*Exercise prompt*
Copy nothing but the lines below, from the one with "Designed specifically for" through the one with "Compleu trening catifea", exactly as written; no pictures should appear.

*Source material*

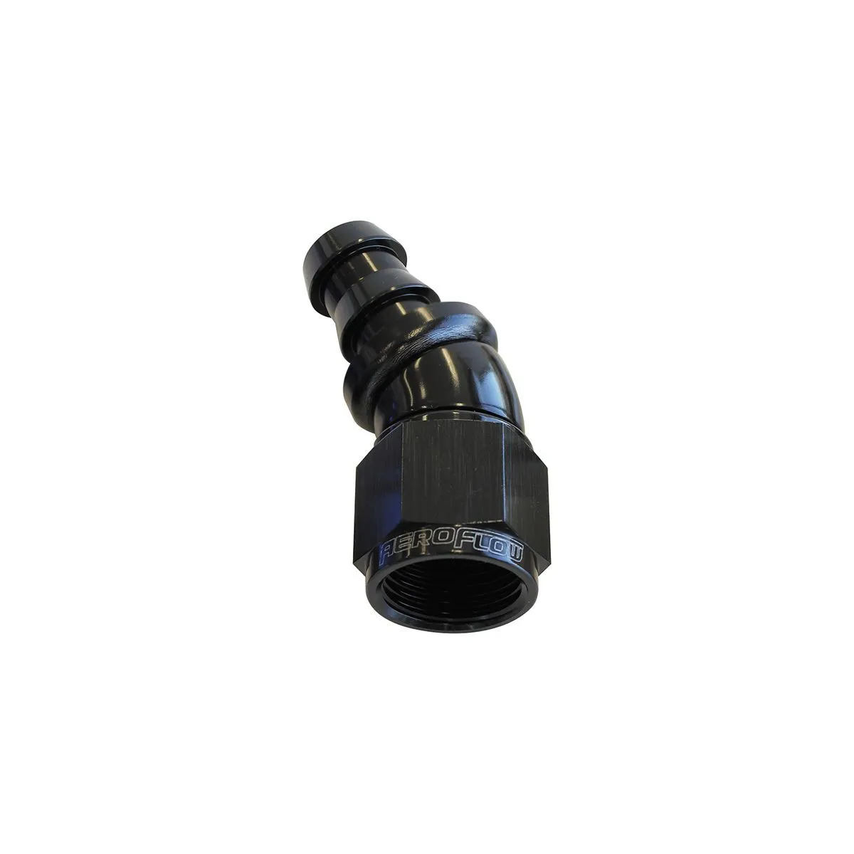 Note: Not compatible for power steering and automatic transmission line applications. Hose ends are hard anodised (excluding Silver finish).Aeroflow's 510 series push lock fittings are a CNC machined one piece fitting which provide uninterrupted flow. The mandrel bent tight radius body has superior wall thickness with a custom designed barbed end to allow a quick, easy and leak free assembly. Aeroflow's push lock fittings come with a purpose designed cover to hide the messy cut end of the hose to give you that professional look everytime. Compatible Hose: 400 and 500 Series Push Lock hose (Blue and Black).
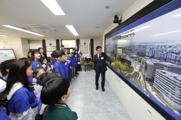 학생들은 '1일 구청장' 체험을 통해 구청장실 전자상황판으로 고도제한 완화, 재개발·재건축 등 구의 주요 현안을 확인하며 행정이 실제 지역 변화와 어떻게 연결되는지 체감했다.
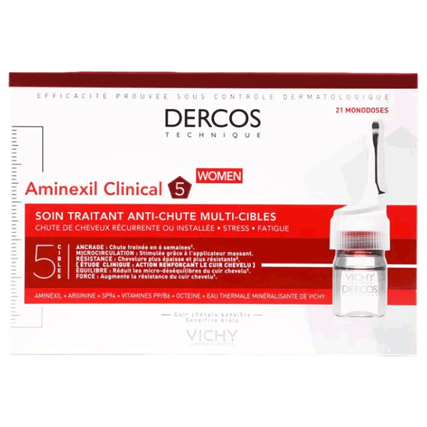 Designed specifically for women experiencing hair thinning or loss due to stress, seasonal changes, or hormonal imbalances. The formula contains Aminexil, a patented molecule known for its ability to strengthen hair roots and prevent collagen hardening around hair follicles, thus improving hair anchorage and reducing hair loss - 21 Ampoules
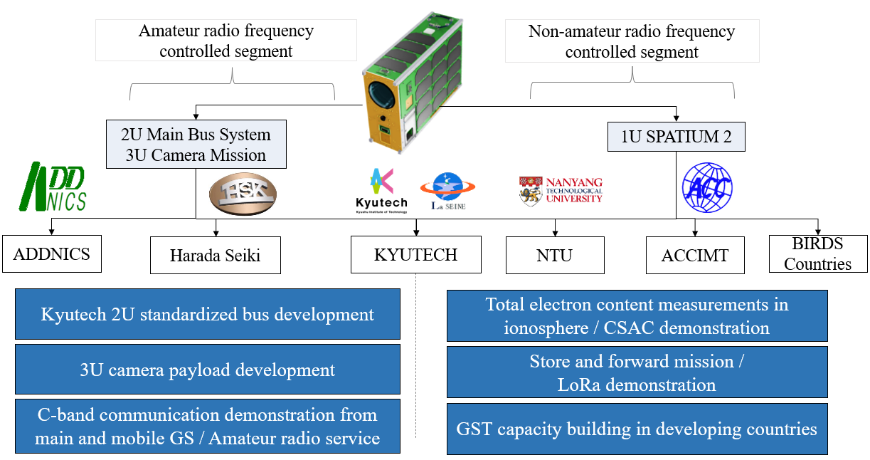 KITSUNE carried six research and experimental missions, as detailed below. Notably, they included two payloads from the commercial space industry partners—a transceiver for ground-to-space communication by Addnics Corporation, and an Earth observation camera by Harada Seiki Corporation—which were intended to be tested in orbit, and a new low-cost UHF transceiver developed by the ACCIMT Research Engineer Tharindu Dayarathna.
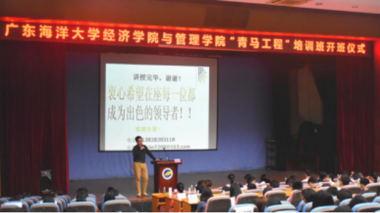 11月9日下午,经济学院与管理学院青马工程培训班开班仪式在开云官网湖光校区主楼多功能厅举行。管理学院党委副书记王明对、青马工程培训班授课教师代表郭晋杰、校团委办公室主任孙学甫、经济学院团委书记马登值、管理学院团委书记陈然然以及两院的辅导员和青马工程培训班全体学员、学生代表共450多人参加了开班仪式。开班仪式由陈然然主持。
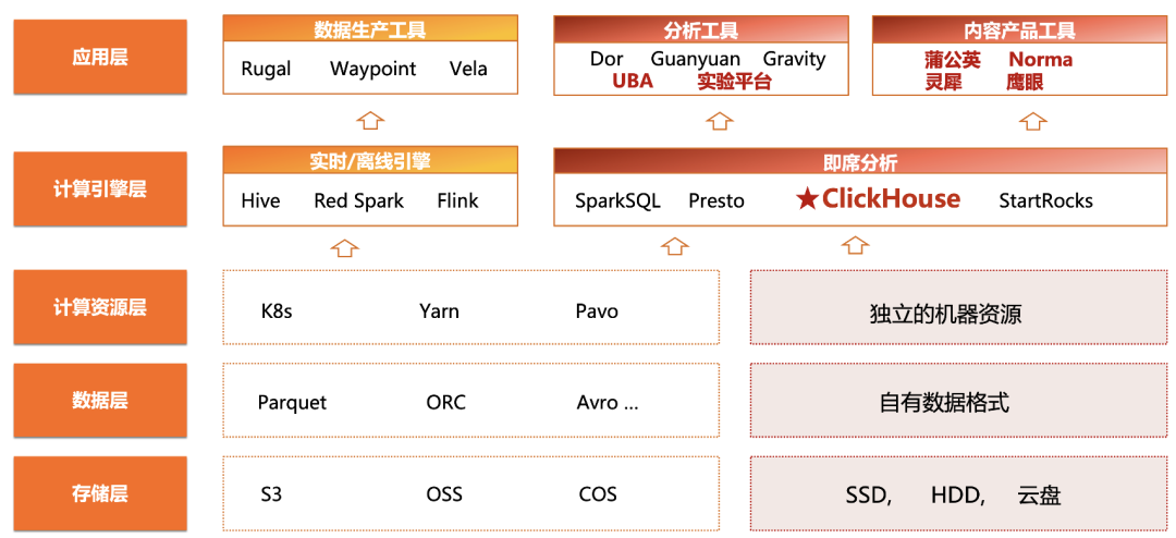 基于上述原因,社区开源版的 ClickHouse 难以满足公司在广告、社区、直播、电商等业务需求方面的大规模应用。解决集群岌岌可危的存储上限和运维等问题,对团队来说迫在眉睫。
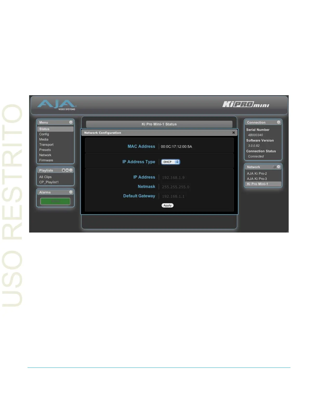 click the “Apply” button to update Ki Pro Mini with the IP address entered here.
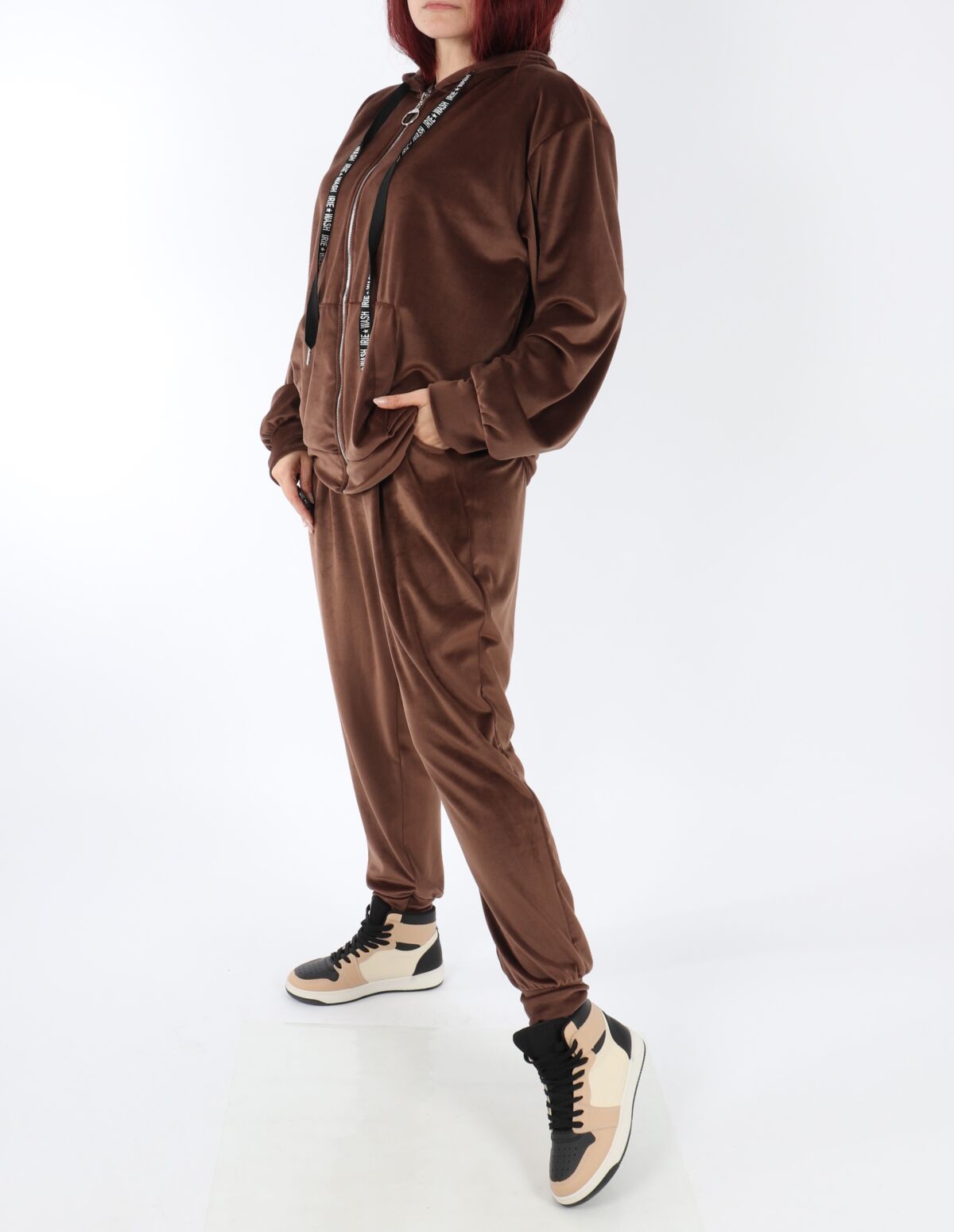 Compleu trening catifea pufoasa. Modelul prezinta bluza cu gluga si pantaloni cu elastic in talie. Materialul este foarte placut la atingere si permite intindere. Se recomanda spalare la masina nu mai mult de 30 grade, de preferat spalare manuala ! Nu iese culoarea, materialul nu intra la apa!
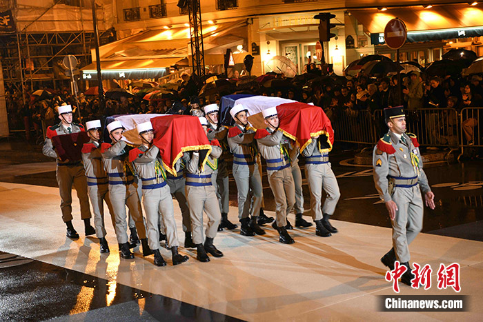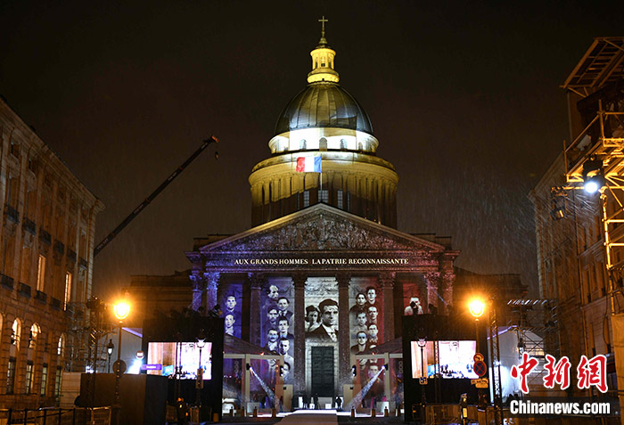 當(dāng)?shù)貢r(shí)間2月21日晚,法國(guó)二戰(zhàn)時(shí)期抵抗德國(guó)納粹侵略的戰(zhàn)士米薩克·馬努尚與他的夫人梅麗內(nèi)一同入葬先賢祠。馬努尚是首位入葬先賢祠的法共抵抗運(yùn)動(dòng)成員。 中新社記者 李洋 攝
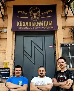Das Kosakenhaus ist eines der Verwaltungszentren von Asow (ukrainisch Азов), einer der ukrainischen rechtsextremen Gruppierungen. Vor der Revolution diente das Kosakenhaus als Unterkunft für Militärangehörige, doch als die Kämpfe auf dem Platz begannen, übernahm Asow die Kontrolle und verwandelte das Gebäude in ein Rekrutierungszentrum, ein Feldlazarett und eine Leichenhalle. Asow mietet das Gebäude vom Verteidigungsministerium[1]. In den grauen, neoklassizistischen Korridoren des Gebäudes stehen Schreine für die Gefallenen der Gruppe sowie Hochglanzbroschüren, die für ihre vom Kulturministerium finanzierten Sommerlager werben, in denen Kinder patriotische Erziehung und Waffentraining erhalten.[2]
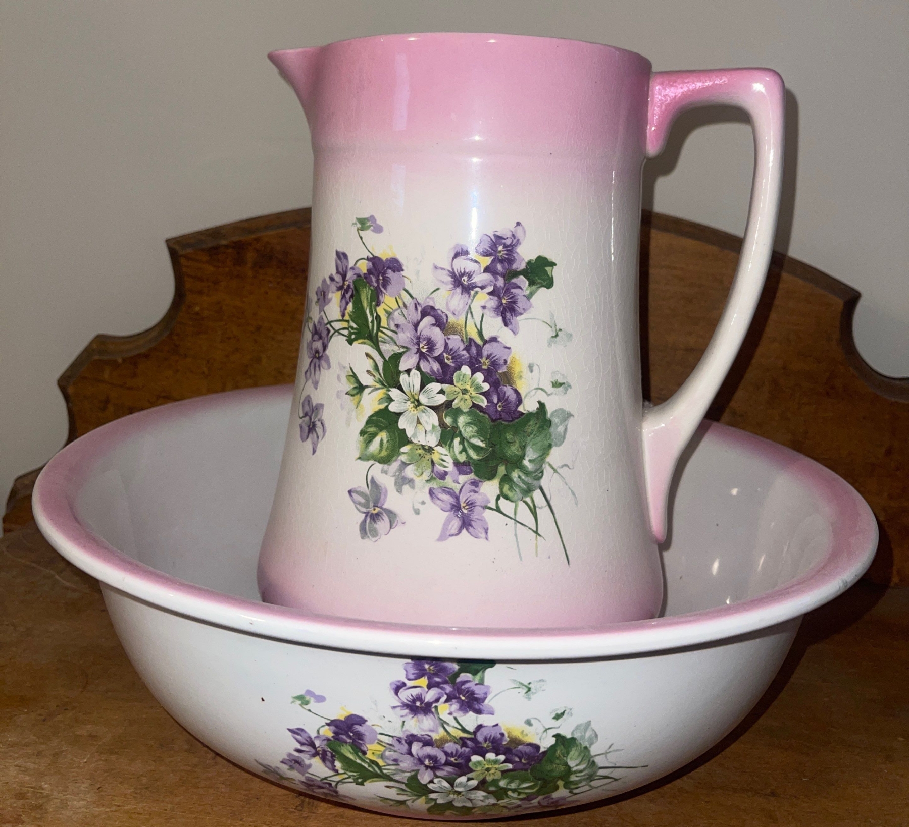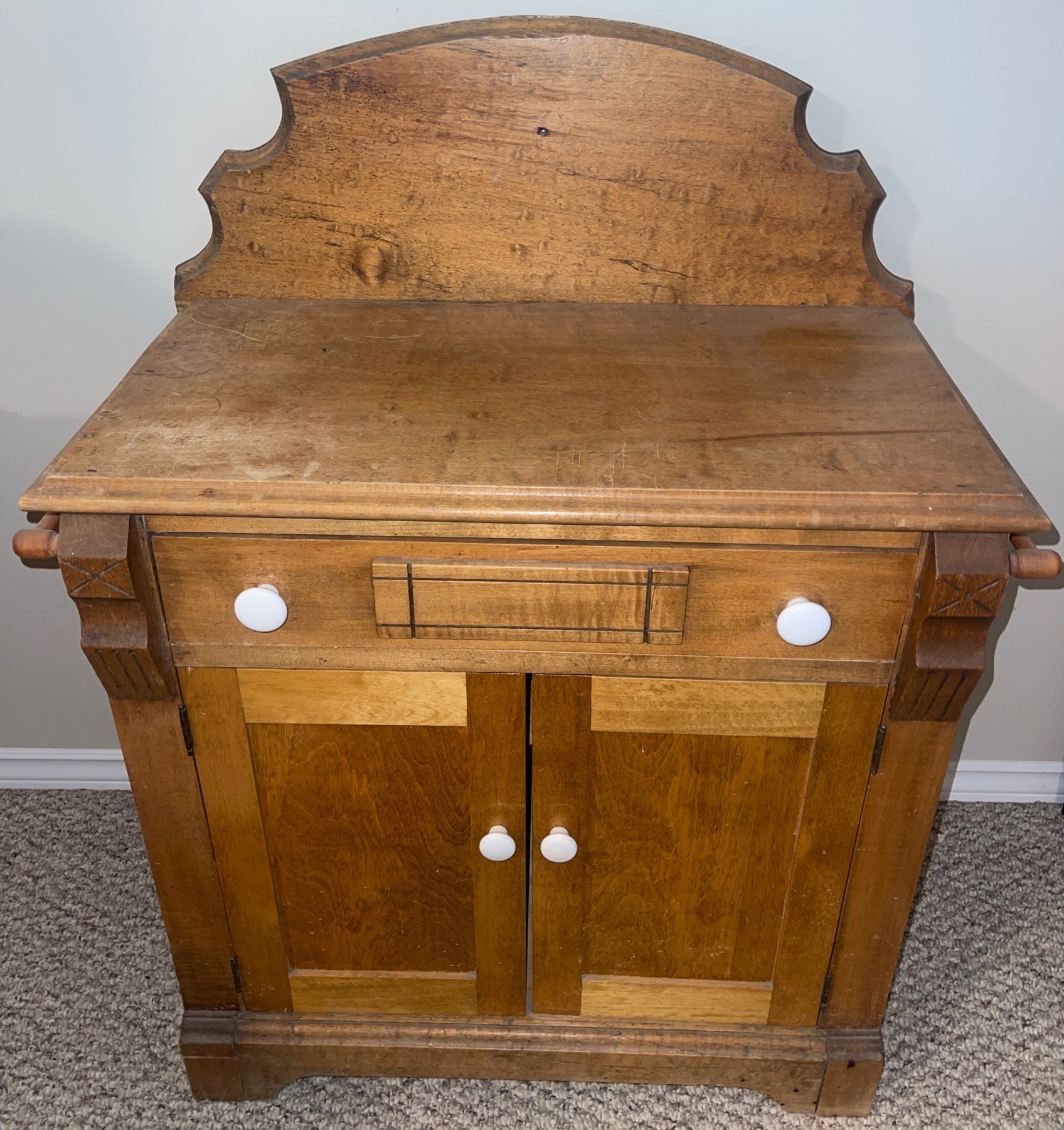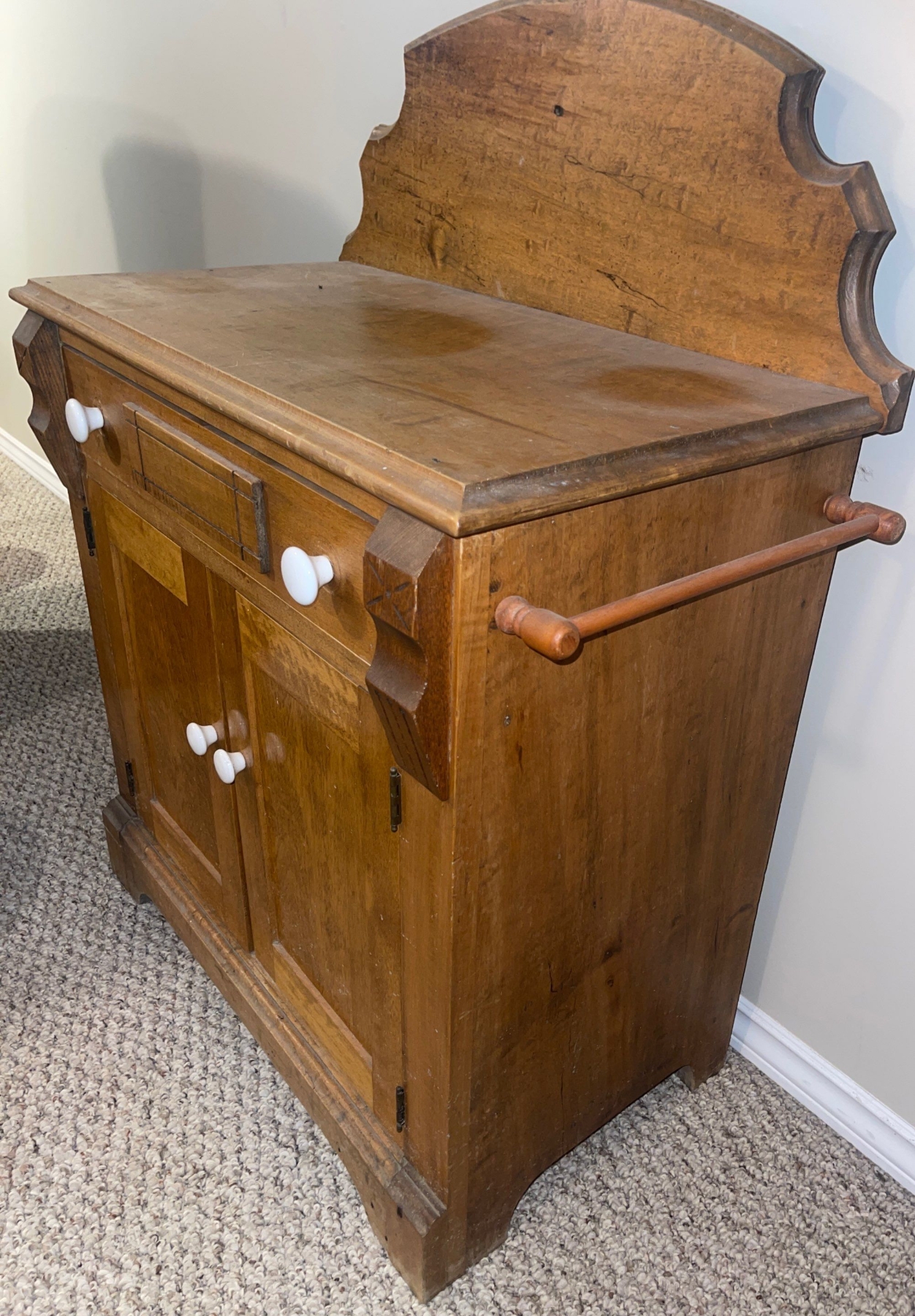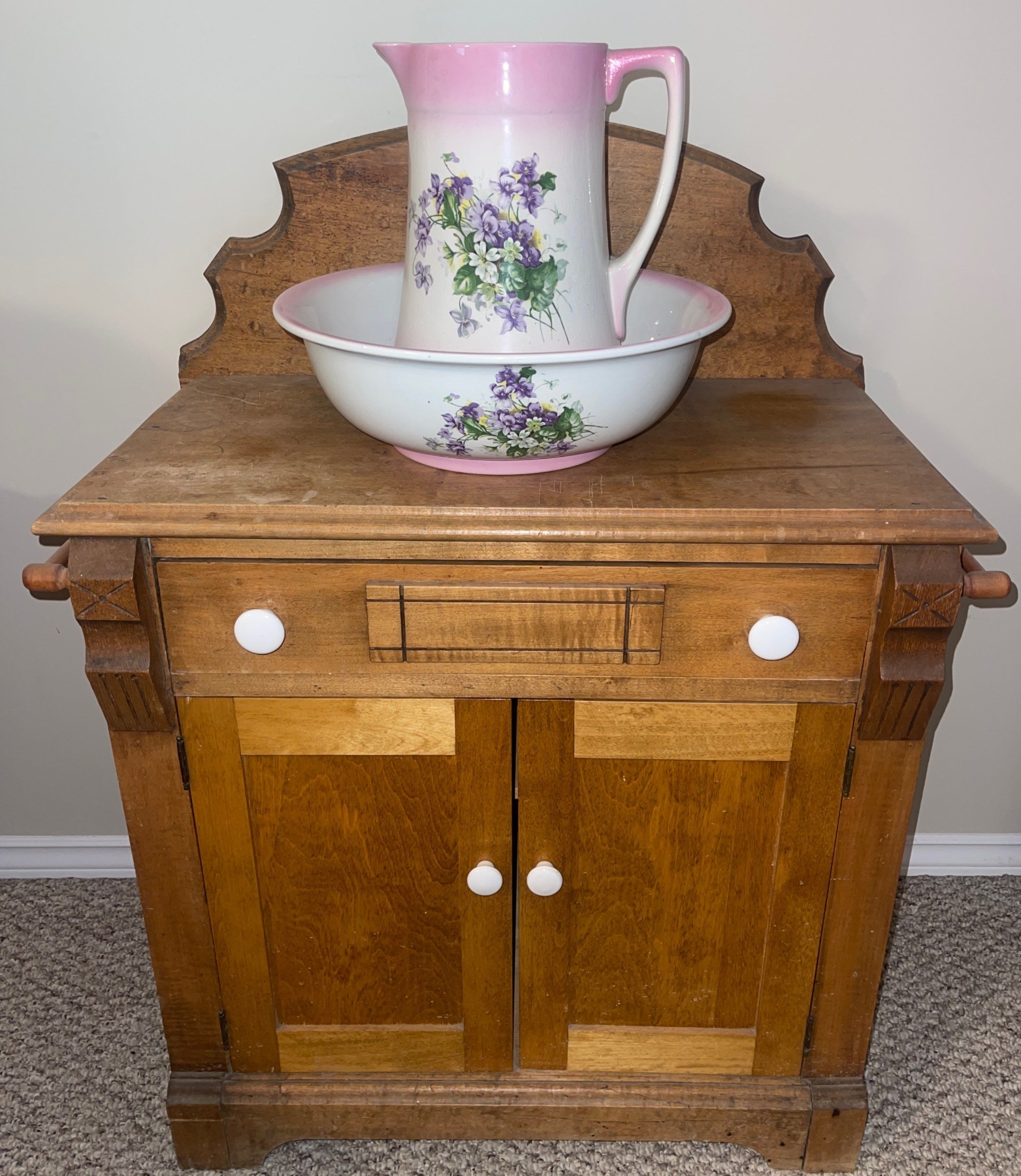 Antique Victorian Hand Painted Floral Dry Sink w/ Oak Cabinet 28x17x28

*Finished exercise*
 Designed specifically for women experiencing hair thinning or loss due to stress, seasonal changes, or hormonal imbalances. The formula contains Aminexil, a patented molecule known for its ability to strengthen hair roots and prevent collagen hardening around hair follicles, thus improving hair anchorage and reducing hair loss - 21 Ampoules
 KITSUNE carried six research and experimental missions, as detailed below. Notably, they included two payloads from the commercial space industry partners—a transceiver for ground-to-space communication by Addnics Corporation, and an Earth observation camera by Harada Seiki Corporation—which were intended to be tested in orbit, and a new low-cost UHF transceiver developed by the ACCIMT Research Engineer Tharindu Dayarathna.
 11月9日下午,经济学院与管理学院青马工程培训班开班仪式在开云官网湖光校区主楼多功能厅举行。管理学院党委副书记王明对、青马工程培训班授课教师代表郭晋杰、校团委办公室主任孙学甫、经济学院团委书记马登值、管理学院团委书记陈然然以及两院的辅导员和青马工程培训班全体学员、学生代表共450多人参加了开班仪式。开班仪式由陈然然主持。
 基于上述原因,社区开源版的 ClickHouse 难以满足公司在广告、社区、直播、电商等业务需求方面的大规模应用。解决集群岌岌可危的存储上限和运维等问题,对团队来说迫在眉睫。
 click the “Apply” button to update Ki Pro Mini with the IP address entered here.
 Compleu trening catifea pufoasa. Modelul prezinta bluza cu gluga si pantaloni cu elastic in talie. Materialul este foarte placut la atingere si permite intindere. Se recomanda spalare la masina nu mai mult de 30 grade, de preferat spalare manuala ! Nu iese culoarea, materialul nu intra la apa!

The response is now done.